HAPPY ONE YEAR ANNIVERSARY TO
POUR YOUR HEART OUT!!
Thank you Shell at Thing's I Can't Say
for keeping this blog meme going strong.
I should know better than to do something without thinking it through. But I let my soft side get the better of me and made a decision thinking of some one else. I decided a few months ago to suggest a short trip to New England for my husband. I thought it would be nice to have him go visit his grandmother, aunt, uncle and cousins for a few days and enjoy his parents birth state. He couldn't believe that I would even suggest it and he questioned me making sure I meant it.
I really did mean it. Then.
I should have done my research and checked ALL the calendars because I missed the school one. The week, this week in fact is the one he flies out; is the same week that Miss K is on Spring Break. Big fat bummer. When I realized it, it was too late because all the arrangements had been made, his plane ticket had been purchased and his cousin from California had already planned the same weekend to go too.

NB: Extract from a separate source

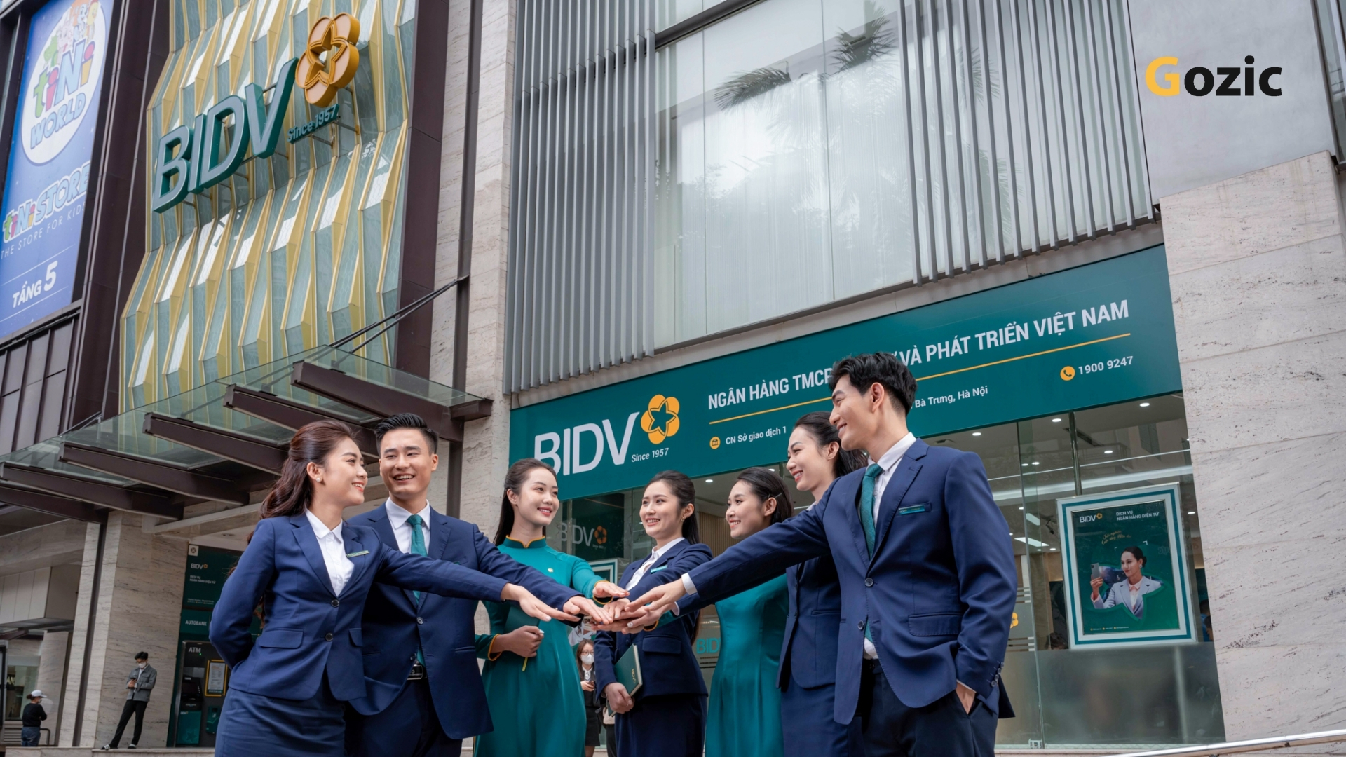 Không gian làm việc: Bảng hiệu chi nhánh, phòng giao dịch, đồng phục nhân viên.

I feel bad but I have done nothing but whine and complain about it. I know it's bad to make him feel guilty for being excited to get away but I wish I had not suggested this trip. I was handling it quite well up until a few days ago when he told me his father was now going. The same man who was not going to go and now at the last minute is going.
I cannot explain the raw emotion I have about his father, my father in law. But for some reason, him going on this trip,only because my husband is going, irritates me. I KNOW with my heart and soul that he is ONLY going because his son is going. Maybe I'm jealous.
I, as his wife will always be his first priority. So much so that when his dad suggested that he stay the night at his house tonight, Tuesday so they could ride to the airport together, my husband declined the offer. He chose to stay home on the last night before flying out.
He (his dad) can have his 4 days alone with my husband. But it starts Wednesday morning.
I know that I should have some respect for my elders and I do. But I deserve respect as my husband's wife and parent's should learn that when their child marries that they are forsaken. The vows of husband and wife trump parent ties.
I've gone off just a bit on this tirade, especially since I was upset about this trip. I know I'm most upset about the circumstances that have happened since it was planned. I'm missing my husband already and he hasn't even left yet.
A least the kids are one Spring Break this week, it's going to keep me quite busy while their daddy is away. We're heading to the beach tomorrow to enjoy some sun and fun with their grandma. The days will fly by and before I know it, my husband will be back home.